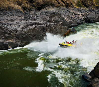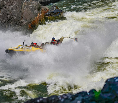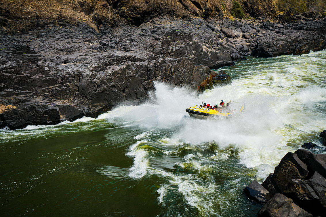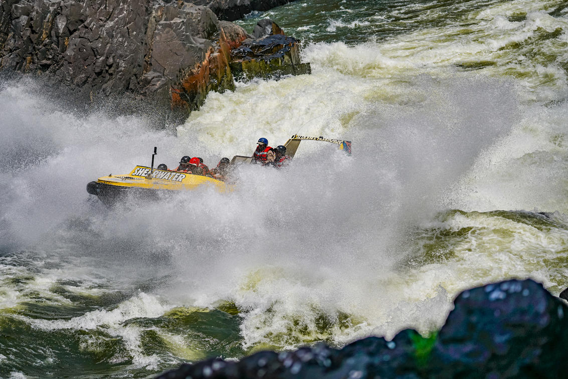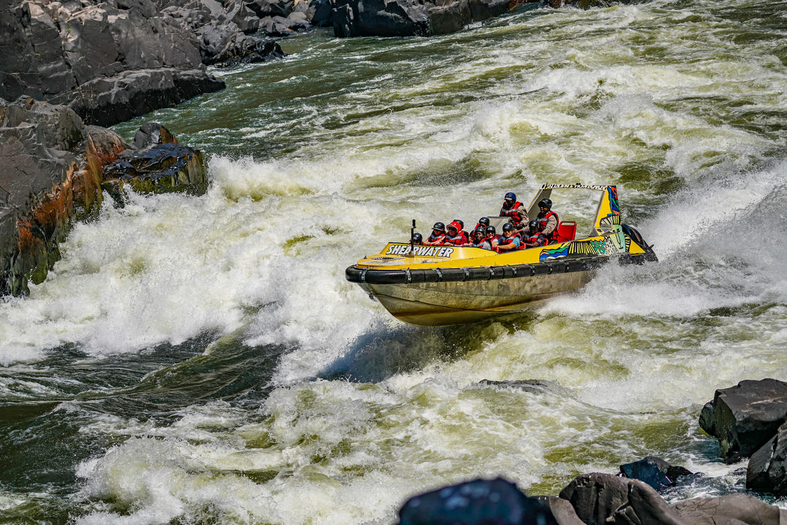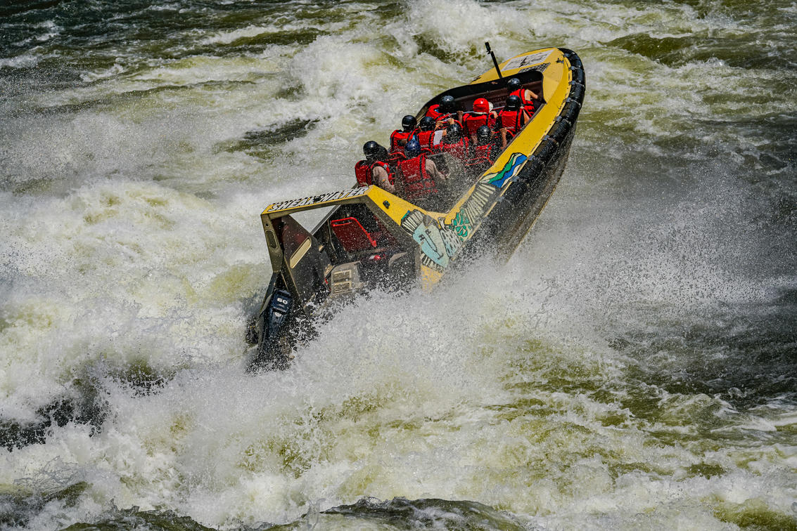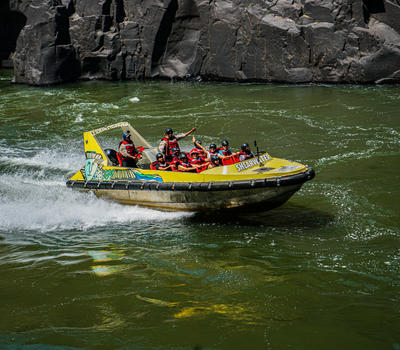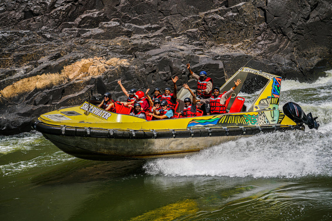 Experience the thrill of navigating the Zambezi River's rapids and encountering Victoria Falls up close on our Adventure Jetboat.
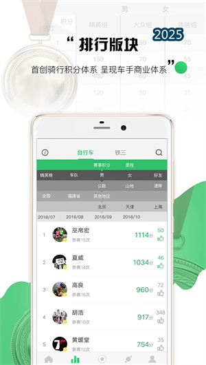 1. 动态积分算法系统建立科学的车手能力评估模型,根据赛事等级、参赛规模、完赛成绩等变量自动计算赛事积分值。算法区分完赛基础分、名次奖励分与赛事权重分三个维度,国家级A类赛事权重系数可达地区赛事的3倍。系统每24小时更新一次全国积分排行榜,按公路自行车、山地自行车、铁人三项等运动类别分别生成细分榜单,榜单支持按地区、年龄段、性别等多重条件筛选,真实反映车手的竞技水平与参赛活跃度。
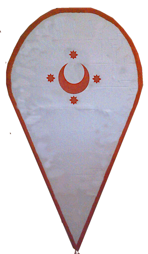 Sotto l’influsso dell’Occidente latino, fa la sua comparsa anche un altro tipo di scudo triangolare, più piccolo, noto in inglese come heater shield, un neologismo nato nell’Ottocento per via della forma somigliante alla piastra di un vecchio ferro da stiro.
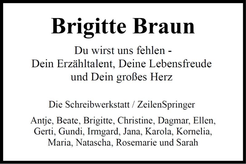 Es gibt Menschen die einem im Leben immer in Erinnerung bleiben. Frau Braun hat als Klassenlehrerin meine Schulzeit geprägt und viele positive Spuren hinterlassen. Möge sie gut auf der anderen Seite des Regenbogens angekommen sein!
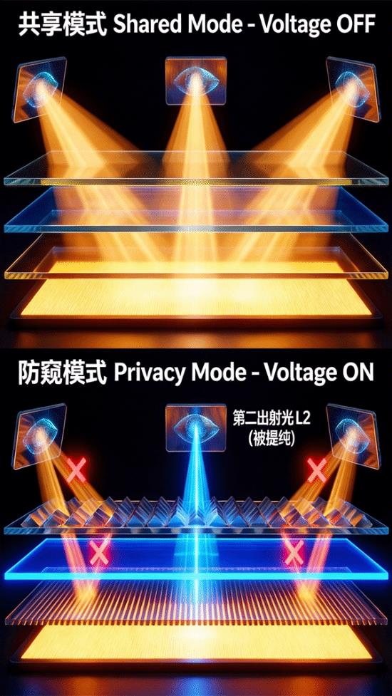 与传统的防窥膜完全不同,硬件级防窥屏是从显示底层来解决隐私问题。当用户开启防窥模式后,屏幕的折射率会发生改变。此时,第一折射层表面雕刻的微观光栅会瞬间化身为一道道微观的百叶窗,强行改变那些大角度向外折射的光线。
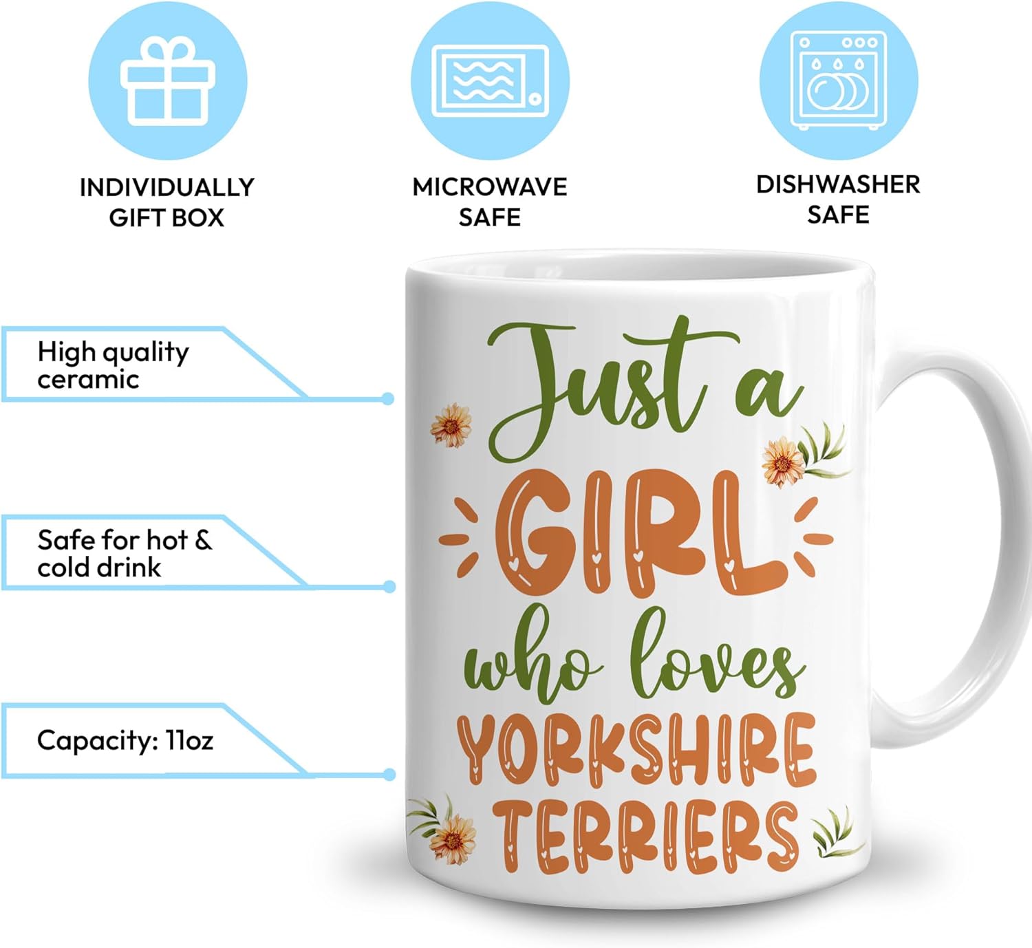Hyturtle Personalized Gifts Dog Lover - Just A Girl Who Loves Yorkshire Terriers Custom Name Ceramic Coffee Mug Cup 11oz - Idea Cute Dog Lover Gifts For Women, Girl On Birthday, Christmas
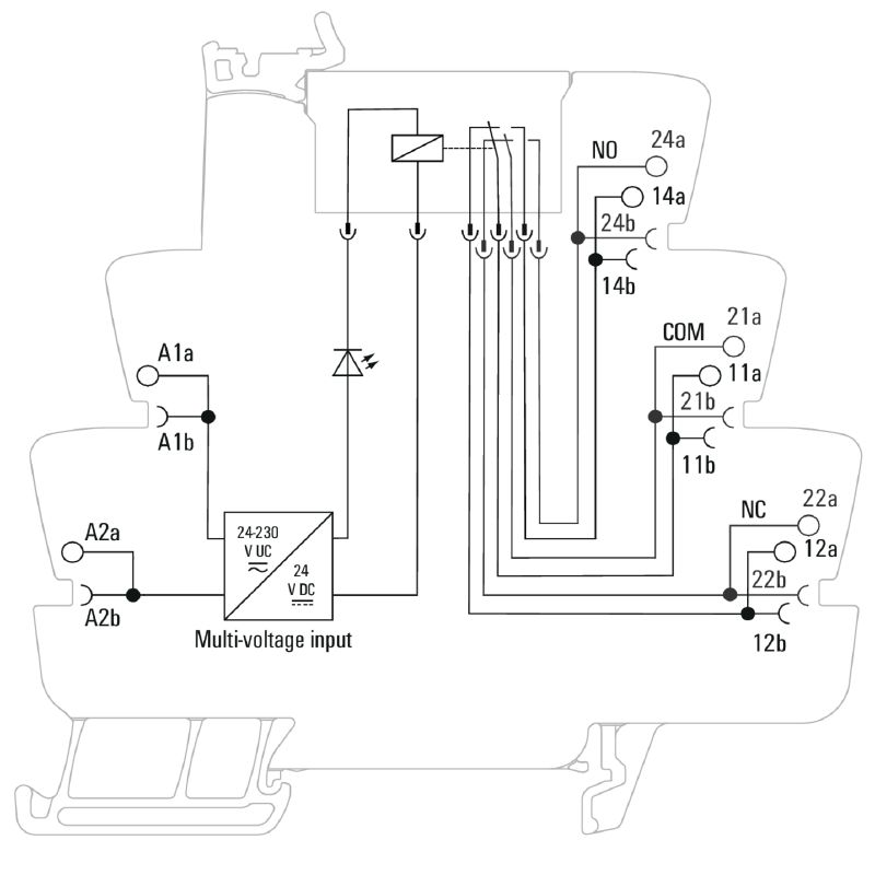 TERMSERIES, Relay module, Number of contacts: 2, CO contact AgNi gold-plated, Rated control voltage: 24…230 V UC ±10 %, Continuous current: 8 A, Screw connection, Test button available: No

+ + +

- How to complete this task:
Begin with the line containing "Es gibt Menschen" and end with the last line of the material above; return exactly those lines, both ends included, and omit all pictures.

- Task answer:
 Es gibt Menschen die einem im Leben immer in Erinnerung bleiben. Frau Braun hat als Klassenlehrerin meine Schulzeit geprägt und viele positive Spuren hinterlassen. Möge sie gut auf der anderen Seite des Regenbogens angekommen sein!
 与传统的防窥膜完全不同,硬件级防窥屏是从显示底层来解决隐私问题。当用户开启防窥模式后,屏幕的折射率会发生改变。此时,第一折射层表面雕刻的微观光栅会瞬间化身为一道道微观的百叶窗,强行改变那些大角度向外折射的光线。
Hyturtle Personalized Gifts Dog Lover - Just A Girl Who Loves Yorkshire Terriers Custom Name Ceramic Coffee Mug Cup 11oz - Idea Cute Dog Lover Gifts For Women, Girl On Birthday, Christmas
 TERMSERIES, Relay module, Number of contacts: 2, CO contact AgNi gold-plated, Rated control voltage: 24…230 V UC ±10 %, Continuous current: 8 A, Screw connection, Test button available: No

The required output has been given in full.